Look at screwfix and other hardware outlets, the heavy duty shelving is fairly good there. It won't look good but you can get stuff to hold lots of weight securely. Go for either stainless steel or aluminium to save headaches in the future. Better to splash out a little to save time/effort/money in a few years.


----------



## vukic (Apr 9, 2010)

Thats definitely true... Might have a look..  am I right in thinking you can get proper fixtures like 90degree corners etc??

Tiger

Sent from my LT18i using Tapatalk 2


----------



## Gazza1587 (Sep 29, 2013)

*Racking*

Have a look at rapid racking they do business and warehouse racking systems which will take a lot of weight. Prices are not too bad. I have used the for servers and in a warehouse for heavy items.


----------



## Shellsfeathers&fur (Jan 18, 2009)

I've been looking into racking for ponds/tanks for the turtles.

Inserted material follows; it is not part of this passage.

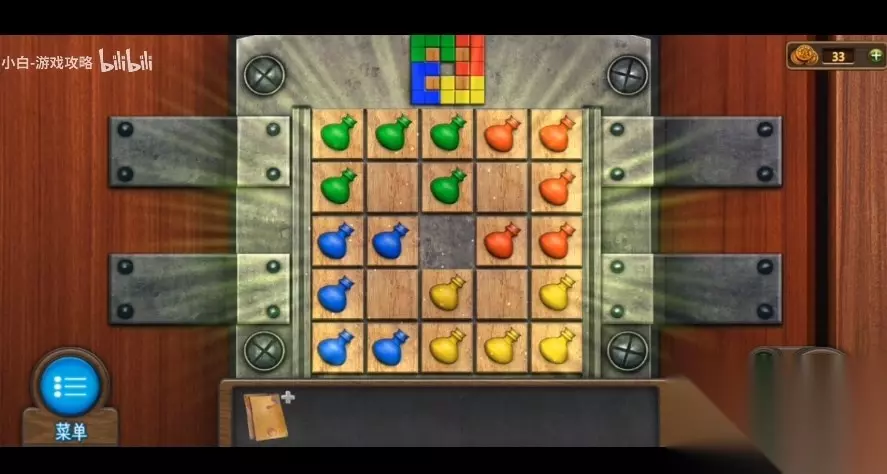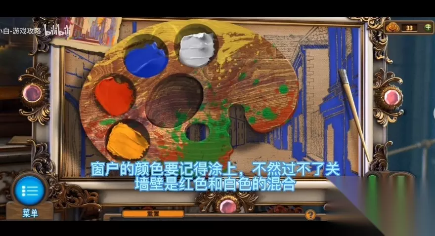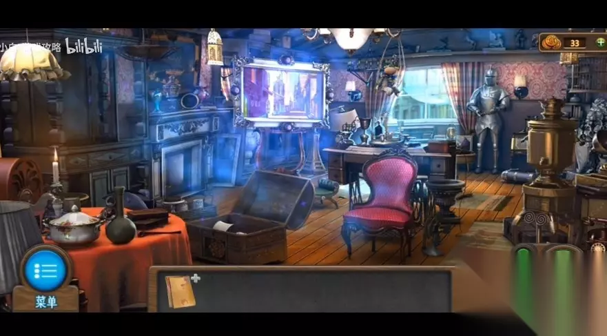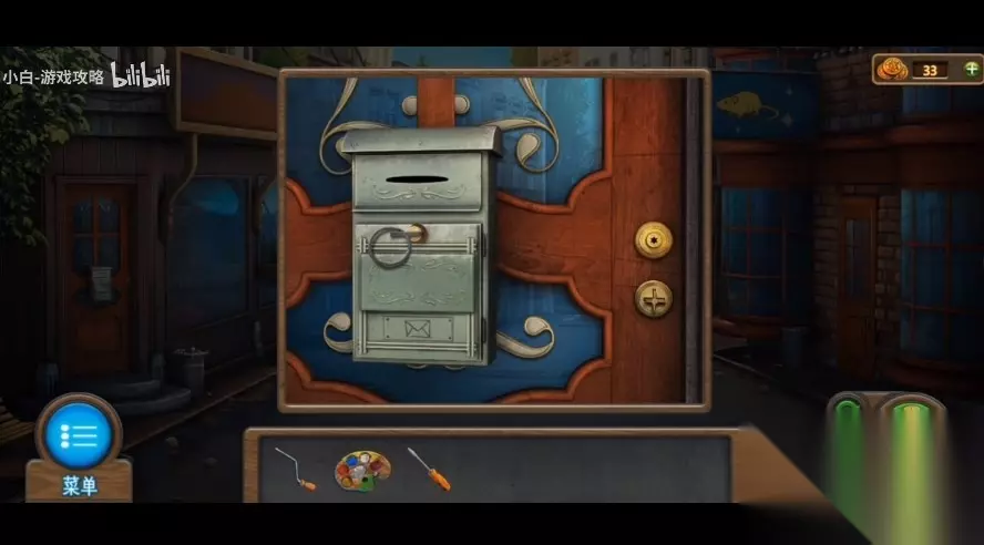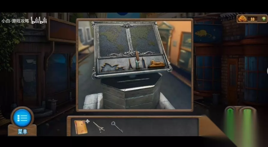 227、应用钥匙开启左侧门边的小锁,进行内嵌游戏 (游戏难度不高,将除红色方块外的其他物件尽量所有挪到左侧,红色方块移到右侧,然后往下沉,随后别的物件往红色方块上边挪动,直至红色方块可以出来)。 228、开启门边的小方盒,得到【神密的信】,【埃菲尔铁塔】和【报刊】,将手柄立即安装于门边。 229、将【报刊】放到缝隙下,应用【螺丝刀】将门锁处钥匙桶下来,抽出报刊得到【钥匙】。 230、将钥匙插到门边,进行开锁游戏(小游戏难度不高,可以试着每向右挪动一步,数次转动下方转轴,一步步向右挪动,直至每根立柱中间横线与所里的横线一致才行),点击把手,进到古董店。 231、查询左边的餐桌,移走前面的脏物,获得后边的【大狮身人面像】。 232、查询左边的火炉,在火炉外得到【拨火棍】,应用【拨火棍】掀开火炉里的火炭。 233、查询火炉上方奖牌,将中间奖牌放翻得到【火柴】。 234、将物品栏里的调色盘放到画板上,从屋顶吊着的布娃娃头顶得到【扩音器】。 235、查询右侧的酒箱,应用【螺丝刀】取出酒箱里的【闸阀】,并获取右侧桌子上的【茶壶】。

Machine Mart have a boltless range by Clarkes but they are only 300mm wide, but this may be ok if your tanks are 12"/300mm. Each shelf holds 150kg, or the stronger one will hold 300kg per shelf.

Big Dug also do a range, but again are too narrow. I have found one on eBay but am a bit dubious as to whether it is the "real mccoy".


----------



## blowupcavs (Sep 1, 2007)

He site bigbug has some very well priced racking. I would only use the 300kg rated shelves as 1 litre of water weighs 1kg. So a 3' tank would be about 150kg+.


----------



## Fauna (Oct 20, 2013)

At the minute I use bolt-less racking I got off of ebay, but it's annoyingly only 35" wide so I can't fit 3ft tanks on it! It's worth just having a browse on there for wide heavy duty racking and see what comes up, machinemart does some as well as big dug.


----------